Hedge Fund Manager Fakes Death, Compares Himself to Werewolf

Feb 14 2015 | 4:33pm ET

A 33-year-old “hedge fund” manager told one investor he had died of a heart attack and another that he was like a werewolf in order to avoid paying back clients.

Moazzam “Mark” Malik made the statements during an effort to coverup a scheme in which he allegedly stole roughly $850,000 from 16 investors, according to the SEC.

Malik used the money to purchase jewelry, attend Harvard extension courses, and find a spouse, the agency said. As recently as late January, he raised $100,000 from a single client.

“By pretending to be a successful hedge fund manager, Malik conned investors into bankrolling his lavish lifestyle,” said Andrew M. Calamari, Director of the SEC’s New York Regional Office.  “Besides luxury travel, dining, and jewelry, investor funds paid for Malik’s continuing education courses at Harvard and his subscription to a matrimonial matching website.”

Malik was also criminally charged by New York Attorney General Eric Schneiderman. The Attorney General said that Malik, a former New York Police Department traffic agent, waiter, and security guard, stole $250,000 from five investors. 

Both the SEC and the Attorney General’s office outlined the scheme. Malik allegedly lied to financial news outlets about his total assets under management and about his fund's performance since he created it in 2010.  

The fund itself changed names several times. Initially, the firm was Wall Street Creative Partners before he changed it to Seven Sages Capital, then American Bridge Investment Group, and finally Wolf Hedge.  Malik also claimed that his fund had held assets of $100 million.

However, the SEC has revealed that the firm only raised $840,000. American Bridge never had more than $90,177 in its trading account, the SEC reported.

The bank account of Wolf Hedge held a balance of negative $310 as of November 30, 2014, the SEC said.

While using investors money on personal expenses, Malik also concocted false reports that he fed to the financial media, some even earning him significant praise.

In 2011, Bloomberg called him a rising fund manager after Malik provided false data on his fund’s returns. The media outlet reported that his Seven Sages fund reported a 92.73% return in 2012.  In 2013, BarclayHedge awarded Malik’s firm a “gold star” based on his false performance claims. 

But the story takes a stranger turn when the claims began to not add up.
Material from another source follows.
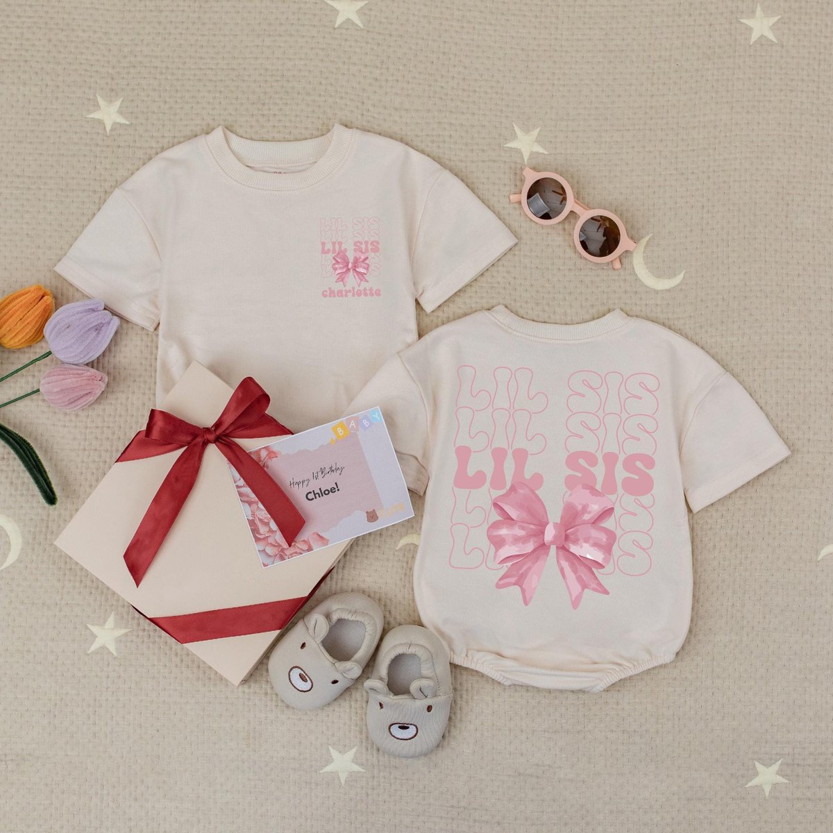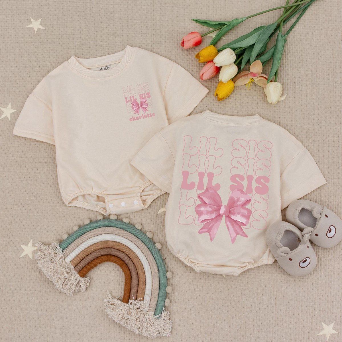 Personalized Name Little Sister Bubble Romper Lil Sis Pink Bow Baby Romper Custom Name Little Sis Ba

After investors began to demand their money back, Malik did all he could to keep the ruse going. 

In September 2013, a fictitious employee named Courtney told one investor that there was a delay in processing returns because Malik had died of a heart attack. 

"Mr. Malik has been [sic] passed away with the heart attack after accident,” the email read. “We will dissolve the fund shortly.”

In February 2014, another investor asked for money back. This time, Malik sent the investor an email in which he compared himself to a werewolf. In the note, Malik sent a video of a werewolf movie and told the investor, "that's what I think I am." 

The SEC believes that the email was a warning to the investor about demanding any money back, stating that the email indicated “that Malik was as dangerous and threatening as a werewolf."

Malik also created other fake employees as well, including a fictitious investor relations manager Amanda Ebert, whose email contact was used to send false reports to investors. The SEC says that Malik sent the emails and included a picture of a woman who was not working at the fund.

Malik claims on his LinkedIn page that he has “managed over 7 billion dollars in assets internationally." But the New York Post reports that Malik's only financial experience prior to his scam was working as a trainee at a New York consulting firm.

And, according to Wolf Hedge’s website, all of its job positions have been filled.

On his personal webpage, Malik’s bio states: "by personifying the tenets of quality, integrity, efficiency and innovation, Mark is the entrepreneurial catalyst that has fostered the appetite of ingenuity, originality, creativity and distinct inventiveness that is uniquely found at Wolf Hedge."

Bail for Malik has been set at $1 million.